ヒト培養細胞から1万種類以上のタンパク質を一斉分析するシステムの開発

2022/5/18

研究開発

(写真:弊所の質量分析装置が並ぶ部屋)

かずさDNA研究所は、希少難病や癌などの遺伝学的検査を行なっています。併せて、より多くの疾患を対象にするための新たな検査法の開発にも取り組んでいます。

この度、タンパク質を網羅的に解析する新しいプロテオーム解析法により、分析時間2時間のシングルショット解析で、ヒト培養細胞からこれまでの限界を越えた1万種類以上のタンパク質を同定することに成功しました。プロテオーム解析の検出感度が上がったことにより、疾患に伴う変化があっても微量なためRNAでしか捉えられなかったレベルのものが、タンパク質で検出できるようになりました。これによって、遺伝学的検査の迅速化と低コスト化につながることが期待されます。

今回の技術的な鍵は、微量なタンパク質が多量なものに隠れてしまうことを回避するために、データ非依存的分析(DIA)法とイオンモビリティー質量分析装置を組み合せて条件を至適化したことでした。

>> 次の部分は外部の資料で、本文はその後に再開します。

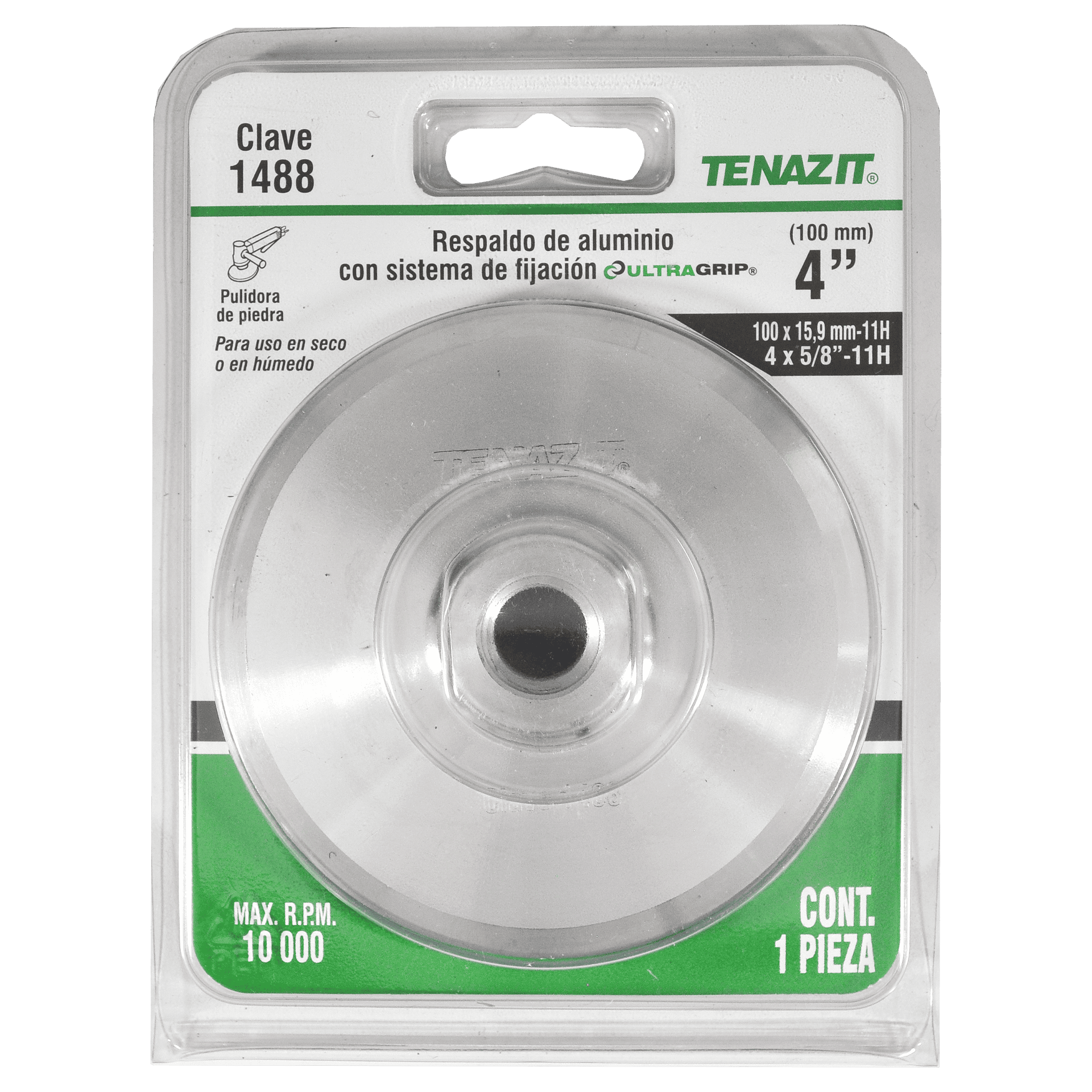 1488 REW58 Aluminio VELCRO 4 x 5/8-11 Respaldo de aluminio para pulido. Pulidora De Piedra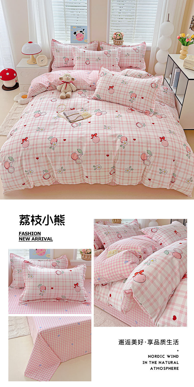 当前位置: 91家纺网 > 商品网购 > 床品套件 > 四件套 > 全棉普通四件套 > 恩泽2025全棉印花四件套 荔枝小熊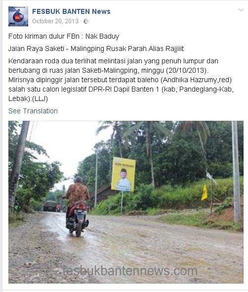 A two-wheeler is seen riding along a road full of mud and potholes between Saketi–Malingping on Sunday (20/10/2013).  Ironically, on the side of the road there is a billboard (for Andhika Hazrumy [Ratu Atut’s son]) for a national legislative election candidate from Banten Area 1 (Pandeglang and Lebak Regency). (LLJ)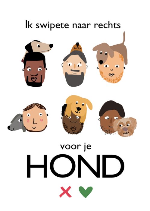Grappige Valentijnskaart met hondjes en de tekst: Ik swipete naar rechts... voor je hond.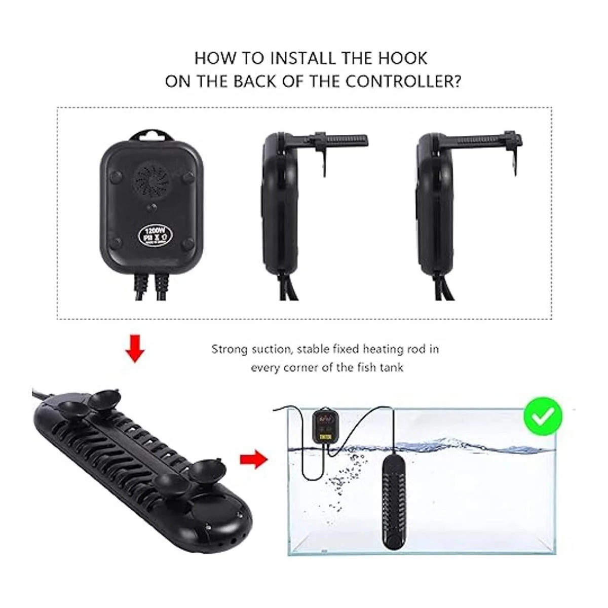 TINTOR Calentador sumergible para acuario, 800 W1200 W, calefacción de doble tubo, calentamiento rápido y ahorro de energía, controlador de temperatura digital LED, apto para agua de mar y agua dulce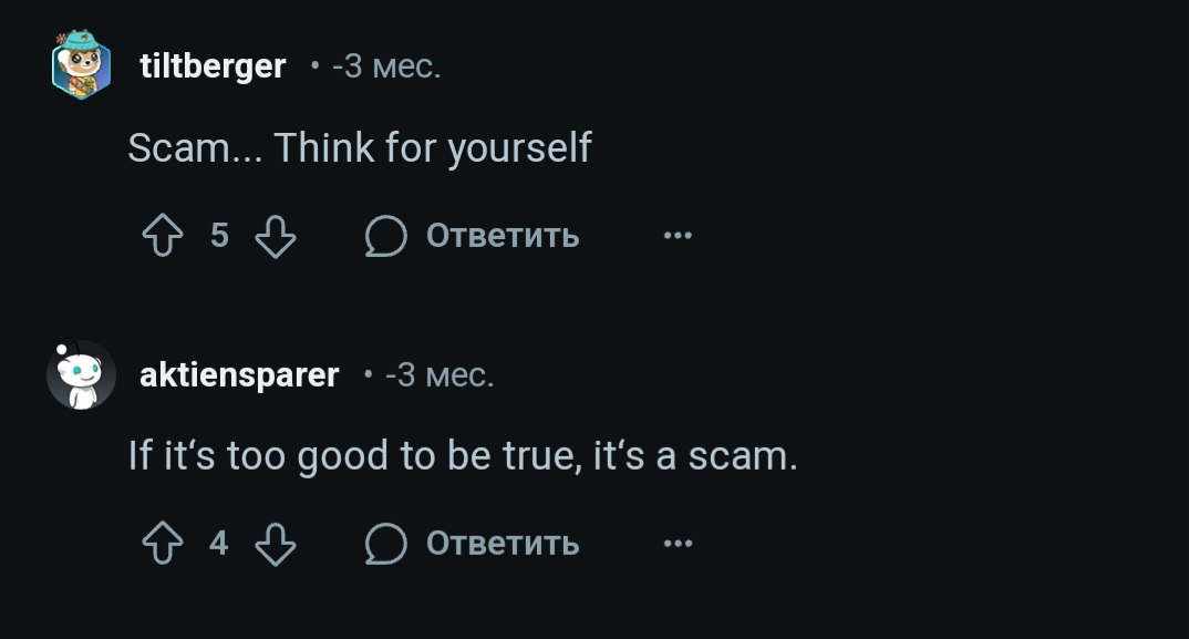 Анализ отзывов о Майнинг Рейс показал, что большинство с недоверием относится к этому проекту. У многих возникают сомнения по поводу возможности заработка из-за обещания слишком высокого дохода и отсутствия доказательств легальности. Mining Race называют скам проектом. Вот что пишут о нем майнеры: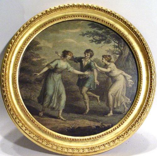 F.Bartolozzi- Coloured print of young girls playing with a child and bird together with one other 19th Century print of young women and a man playing a blindfolded game, both in gilt frames, largest 26cm diameter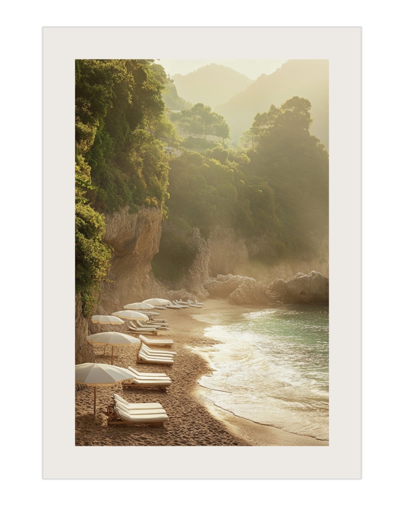 Atmosferyczny plakat z widokiem na zaciszną, słoneczną plażę otoczoną zielonymi klifami. Leżaki i parasole ustawione wzdłuż brzegu tworzą relaksującą, niemal filmową scenerię, która przywodzi na myśl spokojne poranki nad Morzem Śródziemnym. Ciepłe światło, miękkie kontury i naturalne barwy nadają kompozycji wyjątkowego uroku i spokoju.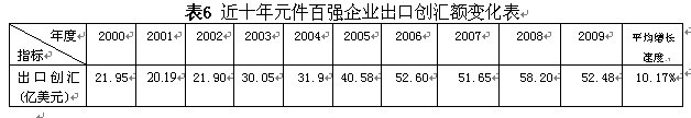 從第14屆元件百強到第23屆元件百強的十年間,元件百強出口創(chuàng)匯額增長了2.4倍,年平均增長率達到10.17%(見表6,圖二)。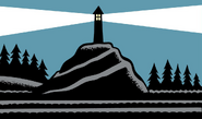 The Mallahan Lighthouse is a large, towering structure perched on a cliff in Stain'd-by-the-Sea, above where the sea used to be. The tower leans slightly to one side and is in desperate need of a paint job. The light of the lighthouse is still active, however, as there are ships for the light to guide to shore.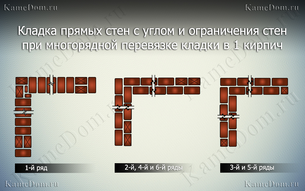 - многорядная – несколько подряд идущих ложковых рядов перевязываются через равные промежутки тычковыми рядами, например для полуторного, тычковый ряд устраивается через пять ложковых, а одинарного – через шесть;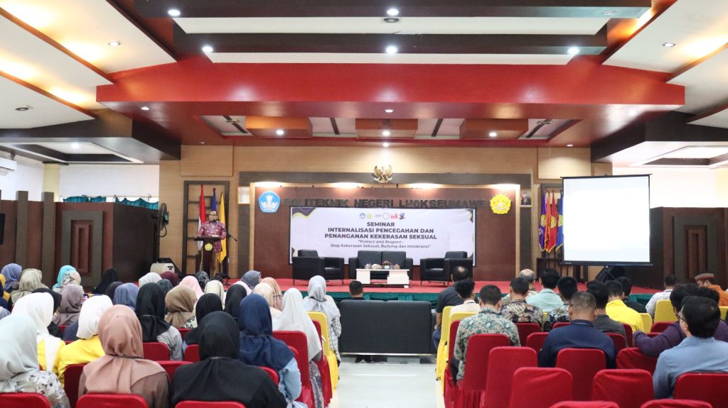 MERDEKABICARA.COM | LHOKSEUMAWE – Politeknik Negeri Lhokseumawe (PNL) menggelar seminar internalisasi pencegahan dan penanganan kekerasan seksual pada Selasa, 15 Oktober 2024, di Aula Lantai III Gedung Utama PNL. Acara ini dibuka secara resmi oleh Direktur PNL, Ir. Rizal Syahyadi, ST. M.Eng.Sc. IPM. ASEAN.Eng. APEC.Eng, yang dalam sambutannya menyampaikan pesan kuat mengenai pentingnya tanggung jawab moral dan kelembagaan dalam menciptakan lingkungan kampus yang bebas dari kekerasan seksual.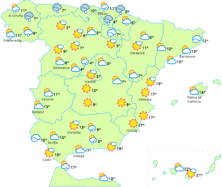 Faldende dagstemperaturer på halvøen og De Baleariske Øer og kun få ændringer på De Kanariske Øer. Frost i bjergområder i den nordlige halvdel og sydøst af halvøen.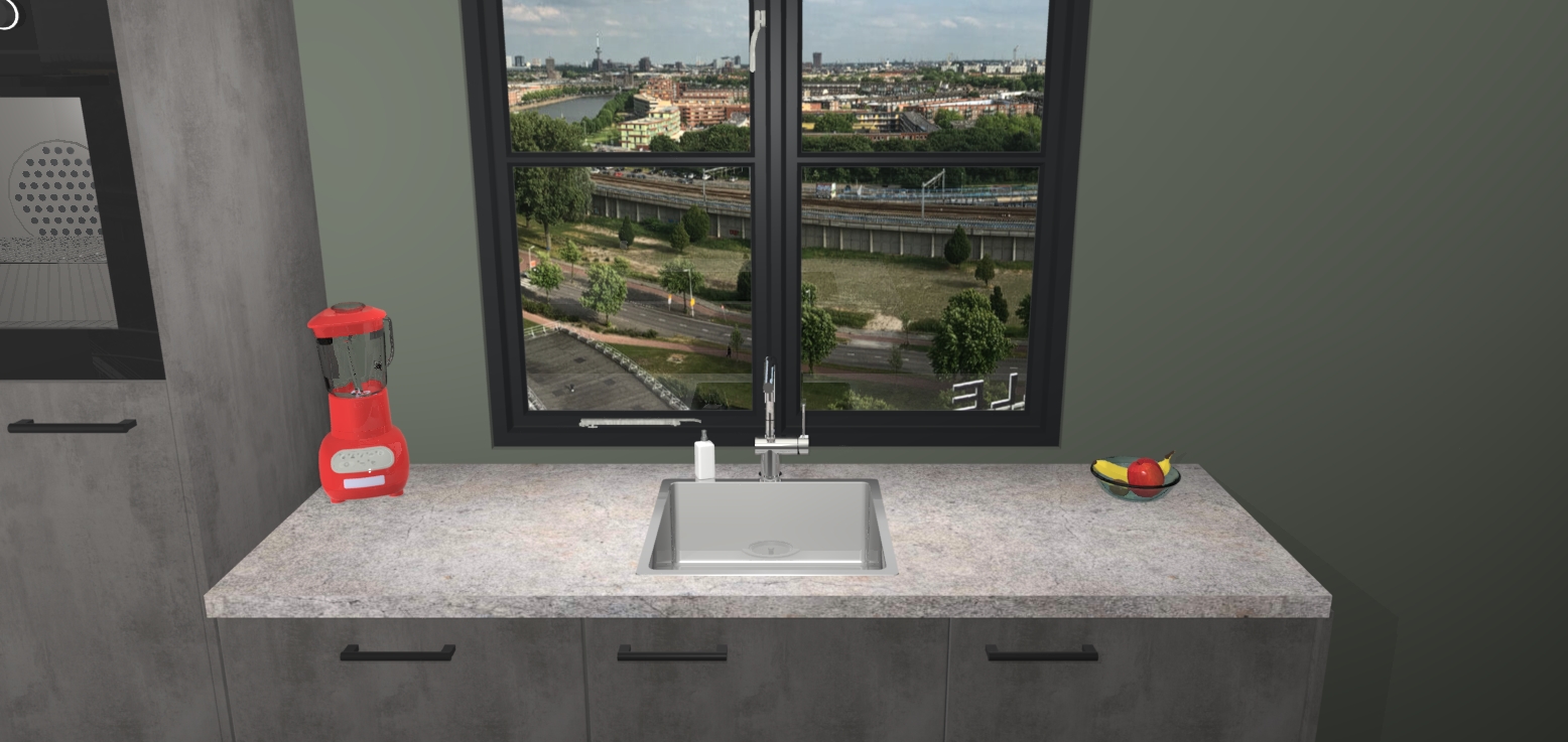 - De spoelbak is nog niet in gevreesd. Dit dient tijdens het werk gedaan te worden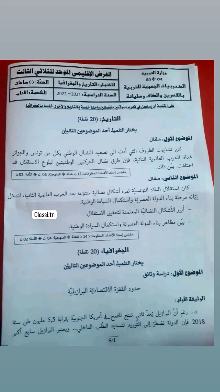 مجموعة من فروض التاريخ و الجغرافيا باكالوريا آداب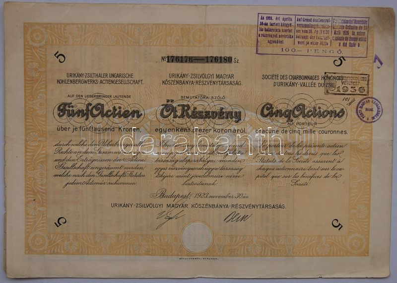 1923 Urikány-Zsilvölgyi Magyar kőszénbánya Rt. 5x5000K részvény / Kohl... https://www.darabanth.com/hu/3-Nagyaukcio/3.1/Numizmatika/Tortenelmi-ertekpapirok-Historische-Wertpapiere~899/1923-Urikany-Zsilvolgyi-Magyar-koszenbanya-Rt-5x5000K-reszveny-Kohlbergwerks-AG-Aktie~II67735

この方法の有効性を実証するためのマウスを用いた実験で、ストレスの有無によりマウスの糞便のマウス由来のタンパク質のプロファイルが劇的に変化することを明らかにしました。糞便中には腸内細菌由来のタンパク質が大量に含まれますが、この技術によってその中にごく微量にしか存在しないマウス由来のタンパク質の変化を同定できたのです。このことは、将来的に糞便中のバイオマーカーをストレスの指標にできる可能性も示唆してくれます。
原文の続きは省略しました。